ほとんど泣きだしそうな顔。こんなマミは見た事がない。
「三分以内に答えられなければ、わたし、もう前田くんとは帰らない」
「え?」
マミはカバンからスマートフォンを取り出すとその画面を僕に突き出した。
タイマーだ。
もう周り始めている。
「あと、二分三十秒」
マミの目が少し潤んでいることに僕は気づいた。
「答えなかったら、もう朝お迎えにも行ってあげない」
「あのね、マミ、ちょっと待って」
「だめ、待たない」
言下にマミは僕のお願いを却下した。
正直、朝起こされるのは鬱陶しい。母のマミに対する態度もなんだか気に障る。
帰りにマミと一緒じゃなくても別段なんの支障もない。
「あと一分三十秒」
でも。
「返事してくれなかったら、もう口きいてあげない」
切迫感に自然と胸が苦しくなる。
「あと一分」
マミの眉が怒っている。上目づかいに僕を睨む。
「わたし、そうしたら転校する。……あと三十秒。……これが最後だよ?」
マミが僕の前から居なくなる?
「わかった、わかったよ」
僕は慌ててマミに手を振った。
「うん! いいよ! 付き合ってください!」
マミはニコッと笑うとタイマーを止めた。
「……あと、十秒だったね。
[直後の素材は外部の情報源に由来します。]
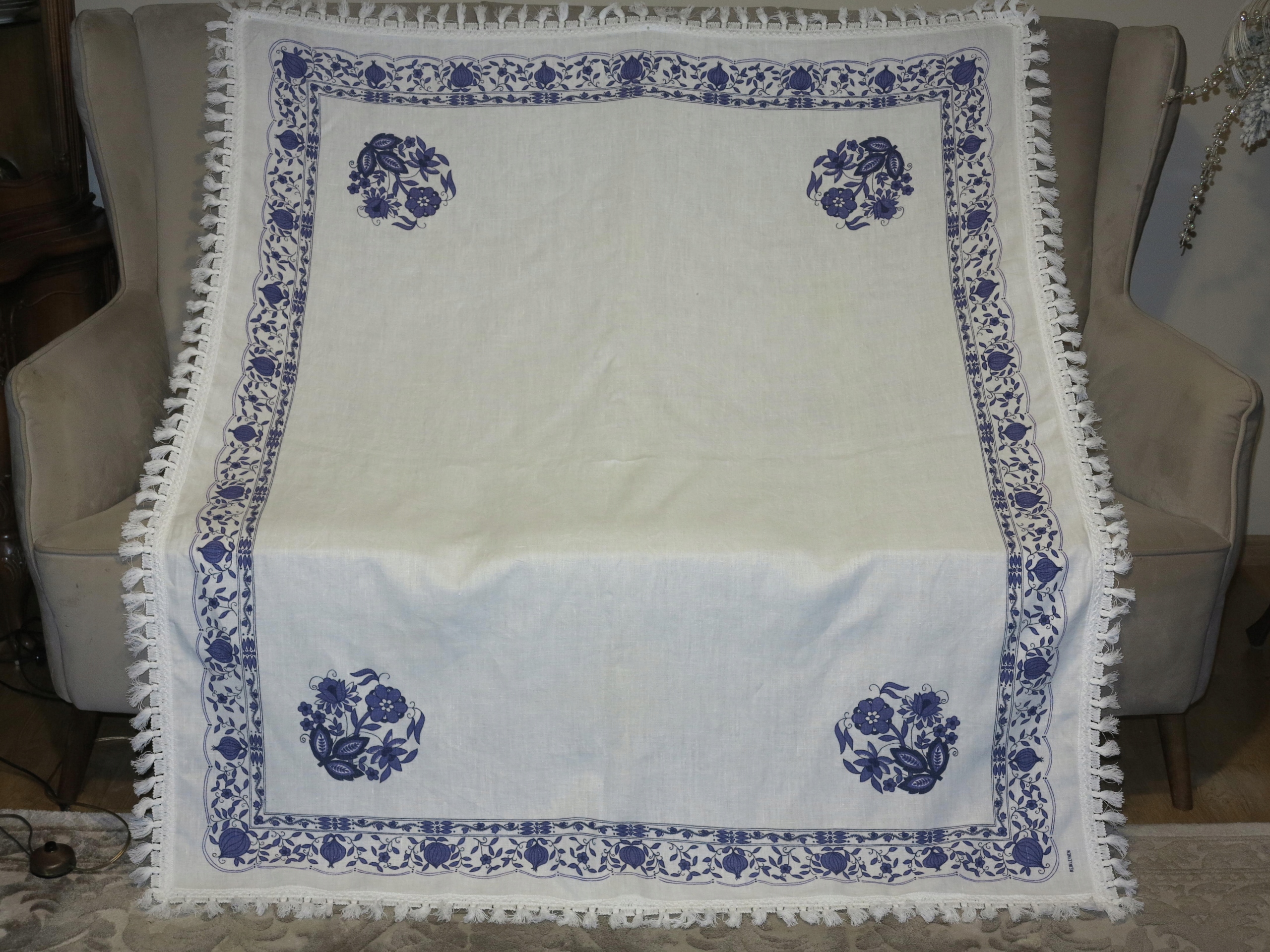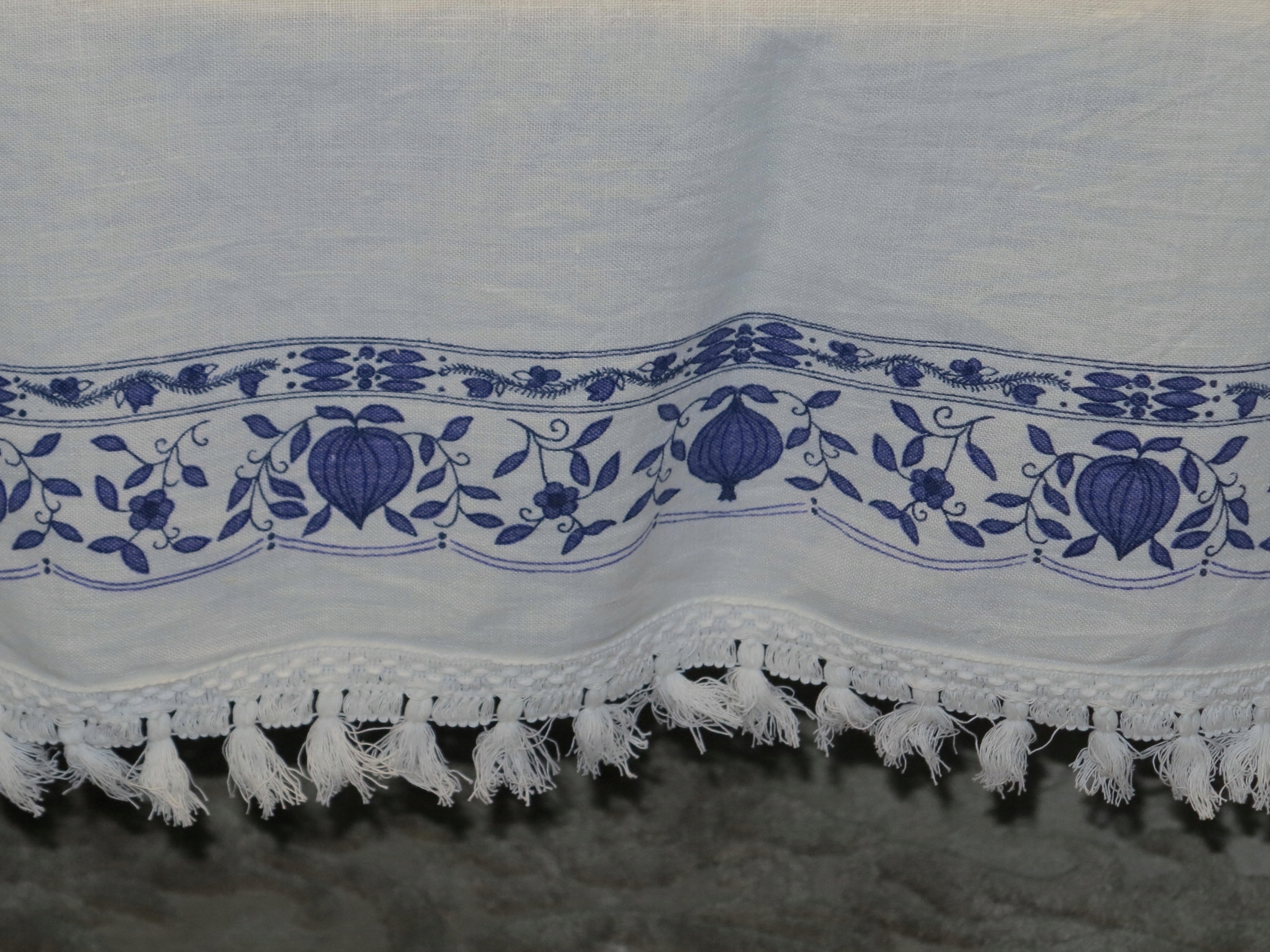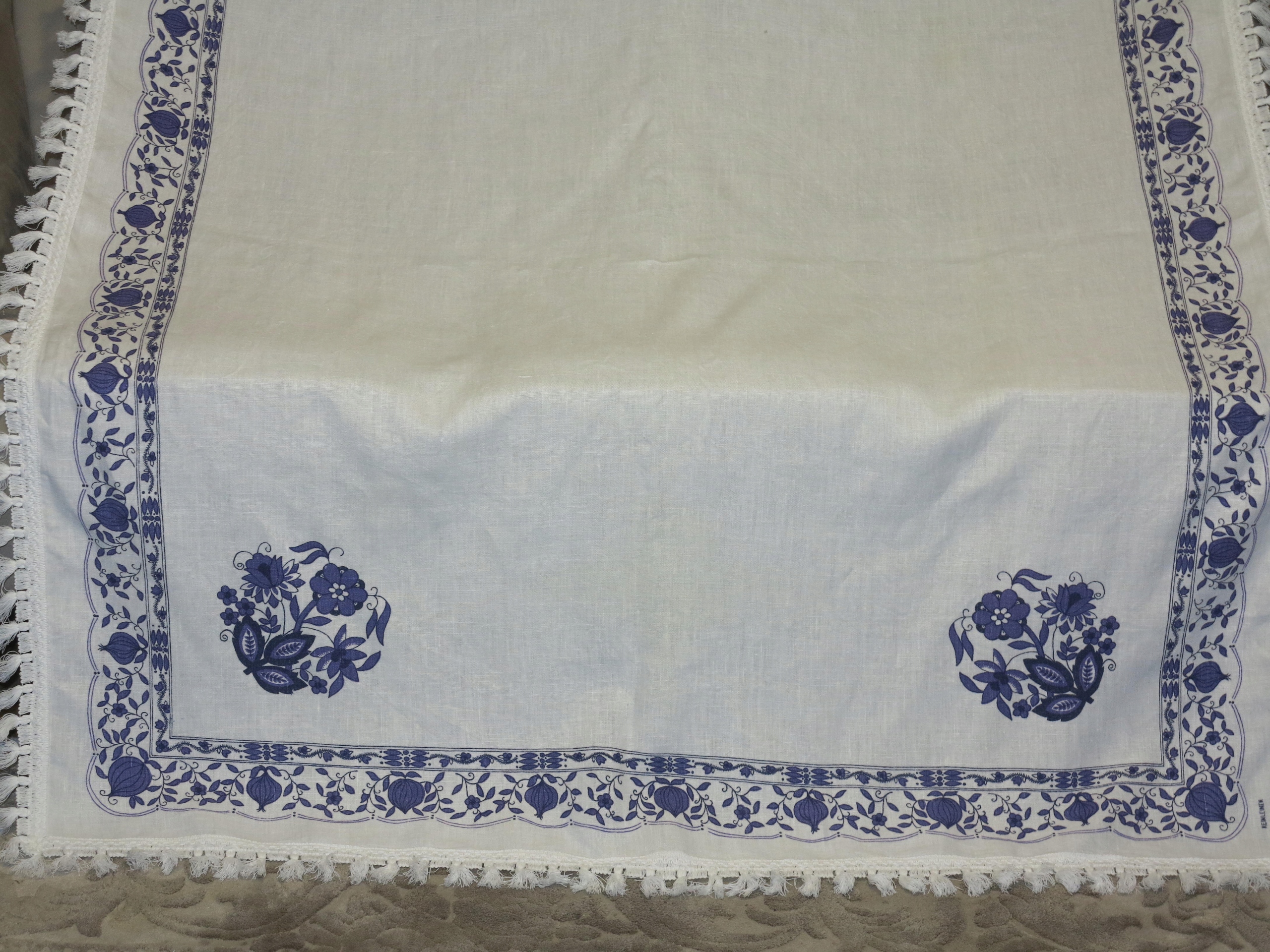 АНТИЧНУ - ГАРНУ, СТОЛІТНЮ ЛЬНЯНУ СКАТЕРТИНУ З УНІКАЛЬНИМ ЦИБУЛЬНИМ РИСУНКОМ. НАВКОЛ ОБРАБОТКИ З ПІКО
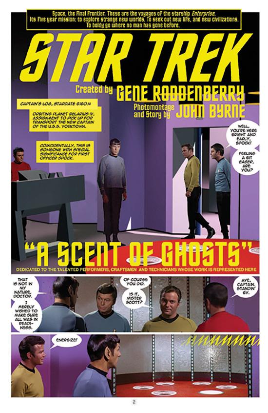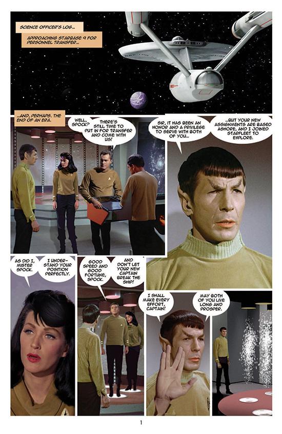 Mark down the date: March 4. That's when IDW Publishing will release its latest Star Trek comic books, New Visions: "A Scent of Ghosts" and Star Trek/Planet of the Apes #3 (of 5). StarTrek.com has details about the titles, as well as exclusive preview pages. “A Scent of Ghosts” is the newest photoplay adventure by writer, artist and photo-manipulation John Byrne. In it, past and present collide as the Enterprise crew takes aboard a special figure from Spock’s past, only to find themselves haunted by a mystery from years before. And in a second photo-story, "Memoriam," there's a sad farewell.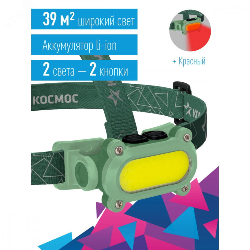 Фонарь аккумуляторный налобный 7Вт COB LED+красн. Li-ion 18650 1200мА.ч корпус ABS-пластик USB-шнур type C регулируемый эласт. ремешок KOC503Lit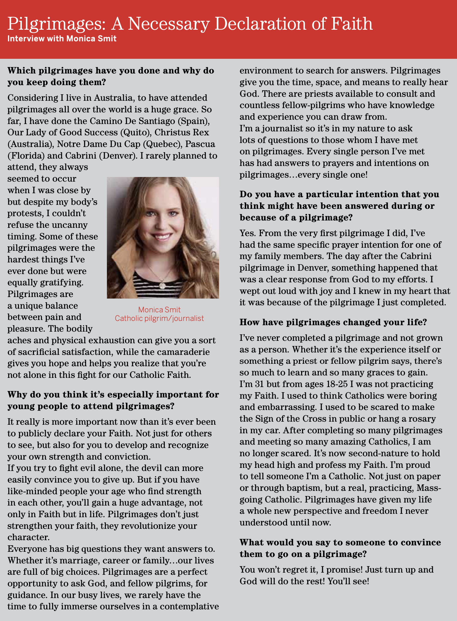 She also describes herself as a “Catholic pilgrim”. Following the Journalism menu to Catholic one finds a Regina Coeli Report in PDF featuring an interview with Smit on pilgrimages. Smit talks about God, the devil and evil. She references the fight for the Catholic faith and getting a “clear response from God to my efforts” for which she “wept out loud with joy”. Asked what she would say to convince someone to go on a pilgrimage she answered.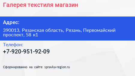 Галерея текстиля, магазин по адресу 390013, Рязанская область, Рязань, Первомайский проспект, 58 к1 в дальнейшем Организация, размещена в следующих категориях: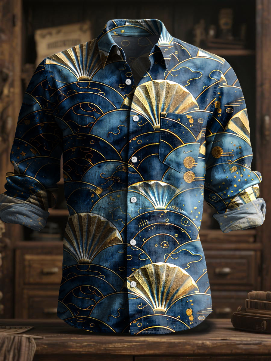 Ретро абстрактни геометрични вентилатор форма изкуство с дълги ръкави риза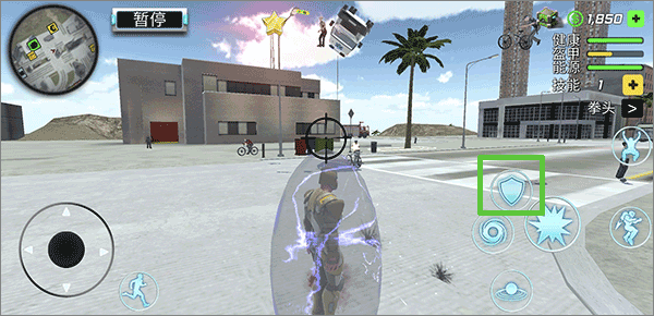 5、按下綠色方框內的按鈕是可以為自己添加一個防護罩;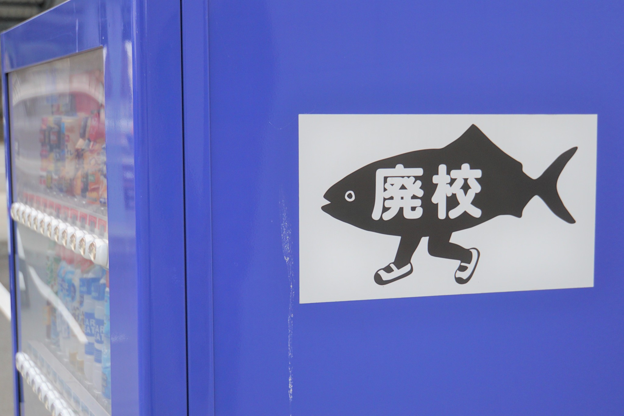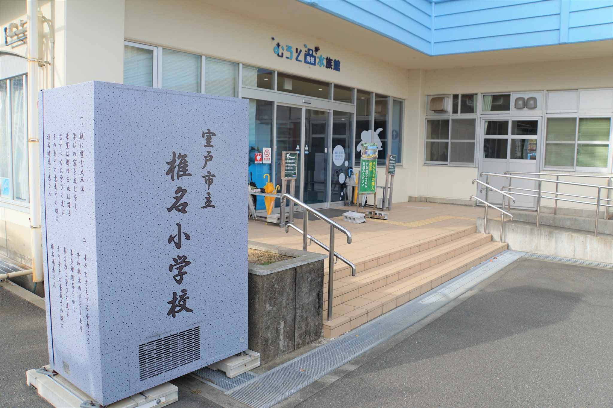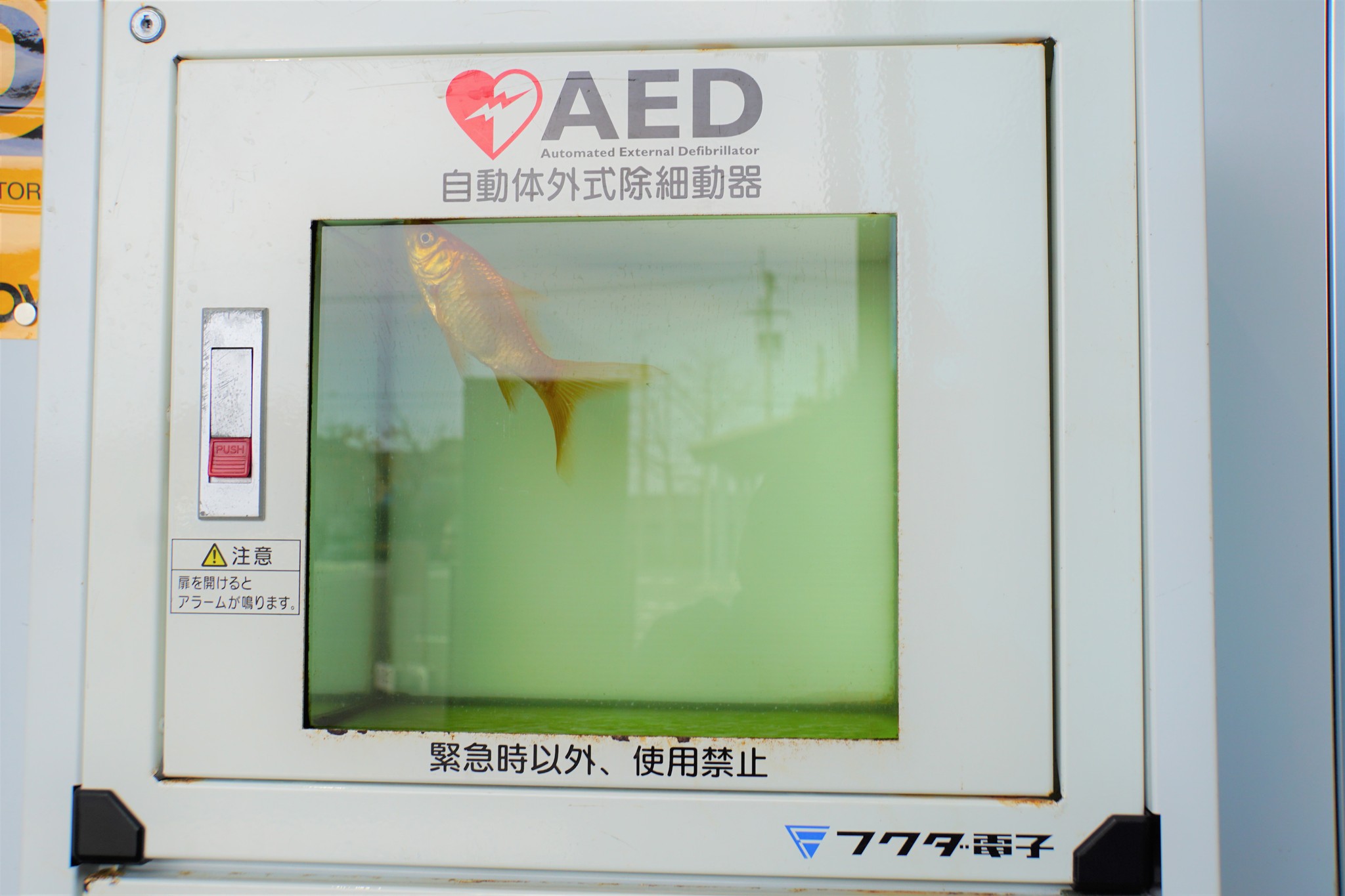 2018年4月にオープンした、むろと廃校水族館。入口には、かつての小学校の面影を残す石碑が建立されている……と思いきや、その正体は自販機。中に入るとすぐ、使われなくなったAEDの箱の中から、金魚がお出迎えしてくれます。

雄介くん、危機一髪だ」
なんでか知らないけどマミが目を拭う。
「こちらこそ、ふつつか者ですけどよろしくお願いします」
マミはぺこりと頭を下げた。
「うん、ああ……」
なんだか狐につままれたような気持ちだった。
ふわふわするような、だけどなんだか不安なような。
「じゃ、帰ろ?」
マミはごく自然に僕の手を握った。
「五分だけ、学校帰りのデートだね」
これが、僕とマミが友達だった最後の三分間。
そして僕とマミは恋人になった。